EXERCISE OBJECTIVE | Type out the listing below exactly. Pictures stay out of it.

PROVIDED MATERIAL |
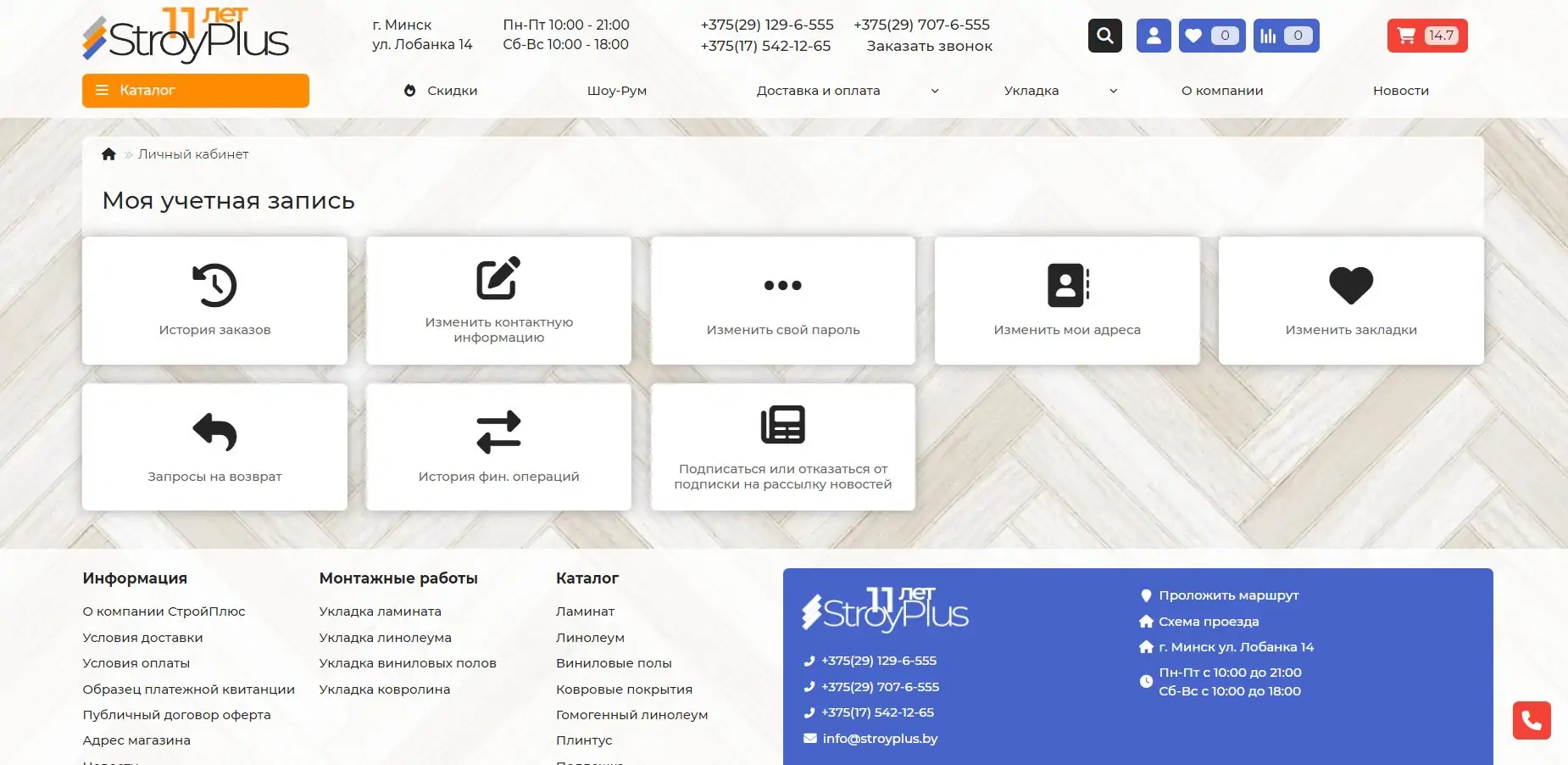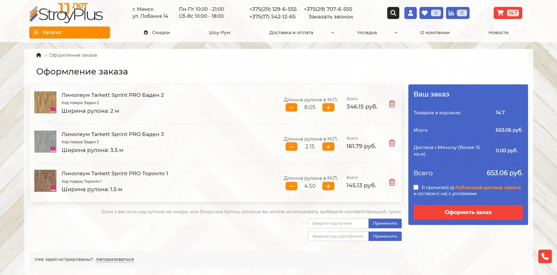 Корзина покупок имеет стандартный вид. В ней можно редактировать количество товара, удалять ненужные товары, выбирать адреса, способы оплат и доставок. Из не стандартного, для определенных регионов свои условия доставок. Например, в Витебске нет бесплатной доставки, так же отличаются способы и сроки доставки. Так же присутствует возможность ввести промо-код для получения скидки. Промо-коды задаются в админ панели сайта.
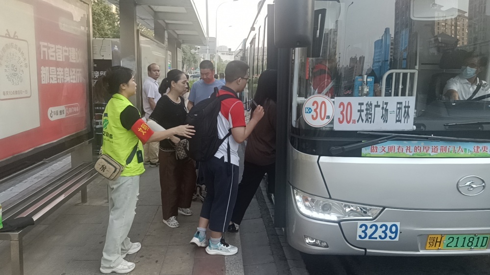 開(kāi)學(xué)當(dāng)天,人流大、車(chē)輛多,在城區(qū)各個(gè)學(xué)校附近,公交志愿者身穿綠馬甲或是佩戴安全袖章,守候在關(guān)鍵路口、站臺(tái)和斑馬線(xiàn),面帶笑容引導(dǎo)學(xué)生安全出行。
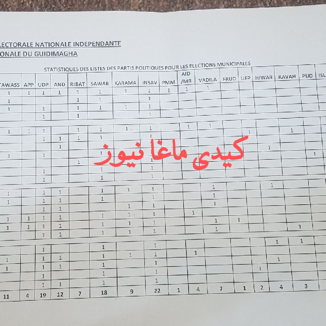 يتنافس في ولاية كيدي ماغا اليوم اكثر من 18 حزبا سياسيا على 22 بلدية حيث بلغت اللوائح المنبثقة عن تلك الأحزاب المتنافسة 127 لائحة موزعة على النحو التالي(خارطة التوزيع)
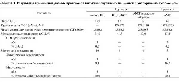 При сопоставлении результатов лечения с применявшимися протоколами контролируемой стимуляции учитывали частоту наступления маточной беременности (ЧНБ), параметры индуцируемого фолликулогенеза (среднее число созревающих фолликулов и % монофолликулярного ответа), среднюю курсовую дозу ФСГ (в протоколах с применением ГТ), частоту развития синдрома гиперстимуляции яичников (СГЯ), эктопической беременности (ЭБ) и многоплодия.

RESPONSE AREA |
 Корзина покупок имеет стандартный вид. В ней можно редактировать количество товара, удалять ненужные товары, выбирать адреса, способы оплат и доставок. Из не стандартного, для определенных регионов свои условия доставок. Например, в Витебске нет бесплатной доставки, так же отличаются способы и сроки доставки. Так же присутствует возможность ввести промо-код для получения скидки. Промо-коды задаются в админ панели сайта.
 開(kāi)學(xué)當(dāng)天,人流大、車(chē)輛多,在城區(qū)各個(gè)學(xué)校附近,公交志愿者身穿綠馬甲或是佩戴安全袖章,守候在關(guān)鍵路口、站臺(tái)和斑馬線(xiàn),面帶笑容引導(dǎo)學(xué)生安全出行。
 يتنافس في ولاية كيدي ماغا اليوم اكثر من 18 حزبا سياسيا على 22 بلدية حيث بلغت اللوائح المنبثقة عن تلك الأحزاب المتنافسة 127 لائحة موزعة على النحو التالي(خارطة التوزيع)
 При сопоставлении результатов лечения с применявшимися протоколами контролируемой стимуляции учитывали частоту наступления маточной беременности (ЧНБ), параметры индуцируемого фолликулогенеза (среднее число созревающих фолликулов и % монофолликулярного ответа), среднюю курсовую дозу ФСГ (в протоколах с применением ГТ), частоту развития синдрома гиперстимуляции яичников (СГЯ), эктопической беременности (ЭБ) и многоплодия.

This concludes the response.